Intenções positivas
Ao anunciar, pouco antes de deixar os Estados Unidos, que pretende agilizar medidas substantivas para encaminhar a reforma tributária, o presidente Fernando Henrique Cardoso deixou claro que conhece os problemas, entende a premência da solução para eles e sabe até alguns caminhos para dar respostas a algumas dificuldades. O presidente foi até categórico ao anunciar que pretende acelerar a aprovação de algumas medidas, indicando como prioridade a eliminação dos impostos em cascata, que encarecem a produção, como o PIS e a Cofins. Banqueiros e empresários que ouviram FHC se mostraram entusiasmados e receptivos, adiantando que tais medidas são importantes e urgentes e que vão atender aos melhores interesses do País no sentido de superar plenamente a crise que o acometeu.
O problema porém é saber se este anúncio feito pelo presidente brasileiro não é apenas aquele tipo de pronunciamento oportuno, feito para agradar a determinado auditório. Esta é a grande dúvida, em um momento crucial em que não se pode mais admitir adiamentos. Como bem lembrou um dos interlocutores do presidente, em Nova York, o sr. John Welsh, economista-chefe para a América Latina do Banco Paris Bas, a preocupação maior de quantos estejam envolvidos com o Brasil é em relação ao futuro. Mostrando conhecer bem a realidade nacional, o economista assinalou que o Brasil precisa concluir este ano a reforma tributária, sem o que haverá novos riscos para a economia do País.

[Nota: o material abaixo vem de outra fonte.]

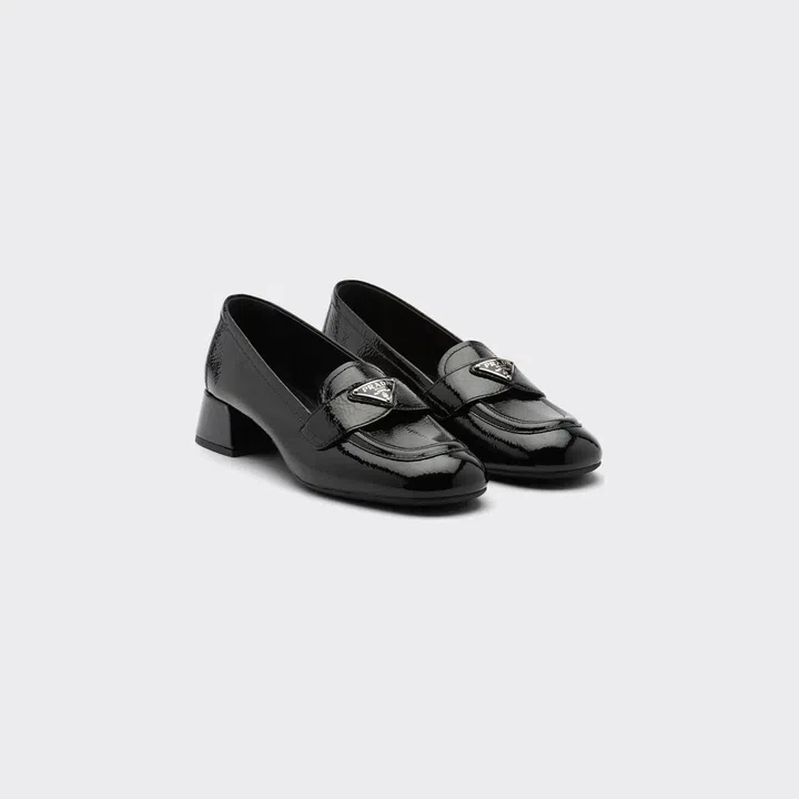 Prada的这款乐福鞋采用裂纹漆皮革打造,圆头配搭粗跟,轮廓设计充满柔美的淑女味,同时确保穿用舒适度。鞋身正面饰有金属三角形徽标,秀出品牌的标志特色。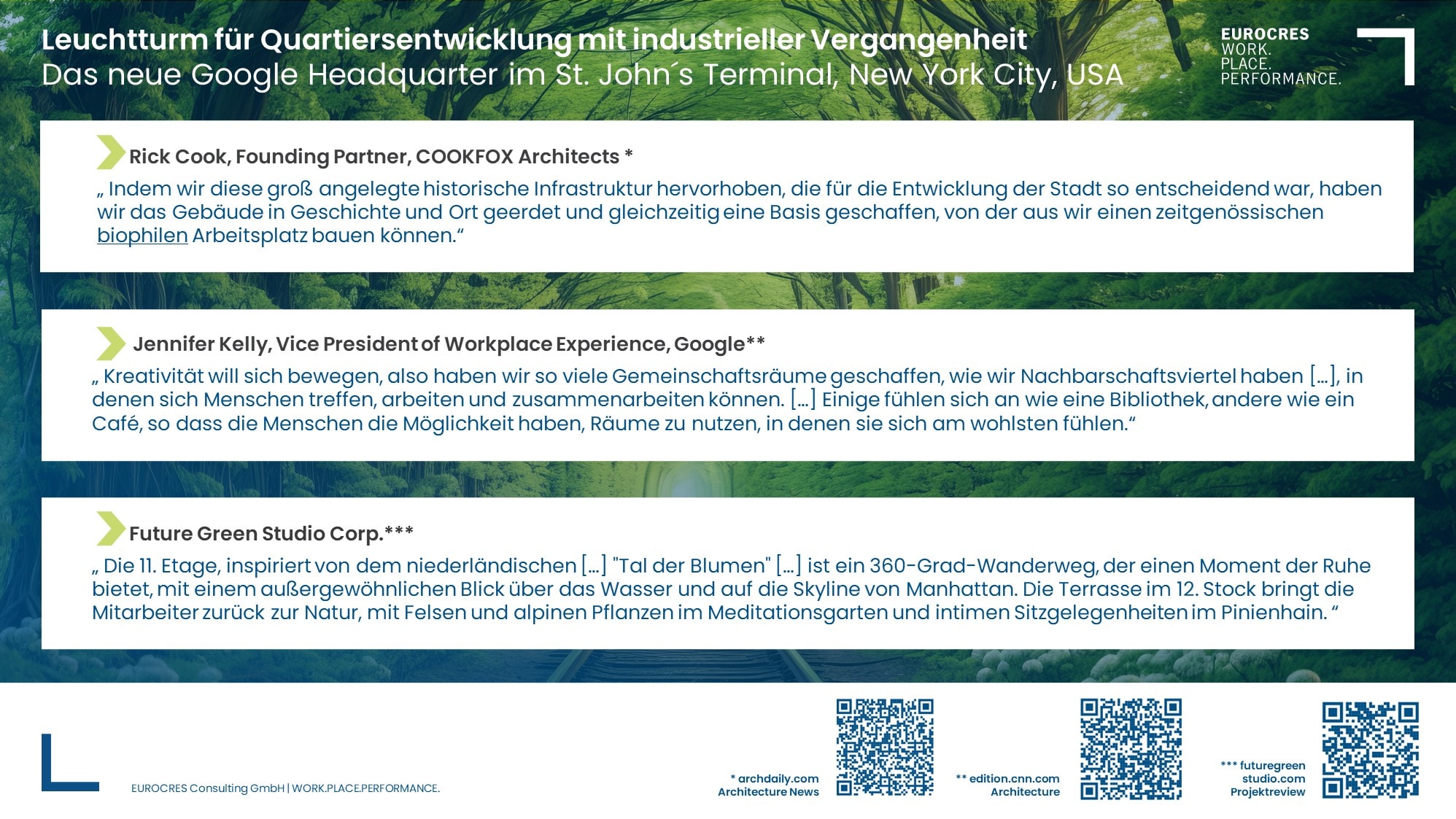 - Umnutzung altes Zugterminal in biophiles Bürogebäude: 1,5 ha neue Außenflächen mit 95% heimischen Pflanzen, neue Fußgängerverbindung am Hudson River, vielfältiges Angebot für Outdoor-Working

Ele lembrou que se a reforma ficar para o ano 2000, as dificuldades vão surgir em função das eleições municipais, o que significará novo adiamento.
Outro interlocutor do presidente brasileiro, o sr. John Lipsky, economista-chefe do Chase Manhattan Bank, foi bem taxativo quando assinalou que ‘todos sabemos que se o Brasil tivesse sido menos complacente no passado e feito o ajuste fiscal antes de a crise estourar, não teria passado o que passou’. Por mais que não agrade ouvir de gente de fora - o que mexe até com os brios nacionalistas - este tipo de crítica, não há como deixar de reconhecer que o sr. Lipsky está certo, tanto que internamente já se repetiu este tipo de conceito. A realidade mesmo é que com os resultados, até inesperados, nos primeiros tempos do lançamento do plano de estabilização da economia, houve mesmo uma certa complacência nos meios governamentais. Todo o plano estava estruturado sobre a necessidade das reformas estruturais. Realizá-las era um compromisso de governo. Mas como as coisas pareciam ir bem demais, os políticos (aí incluindo o Executivo Federal) se mostraram pouco animados a realizar a tarefa.
O presidente Fernando Henrique Cardoso chegou a garantir, ainda que indiretamente, que esta falha não irá se repetir, quando disse que a atual recuperação brasileira não vai provocar uma onda de ufanismo vazio. Disse lá o que tem sido assinalado aqui: a não-concretização das piores previsões sobre a situação econômica do País não significa que se possa pensar que tudo está resolvido e que o Brasil já está de volta aos trilhos do crescimento. Esta é a vontade, até porque só com a reativação da economia é que será possível enfrentar o desafio do desemprego, com todas as suas consequências positivas.
Se o presidente realmente se dispuser a fazer agora o que anunciou antes de deixar os Estados Unidos, principalmente agilizar a reforma tributária, as perspectivas serão muito boas. O que é preciso conferir, porém, é se o discurso foi feito para valer ou se fez parte, apenas, de mais uma peça promocional para uso externo, o que, sem dúvida, frustraria as esperanças da população.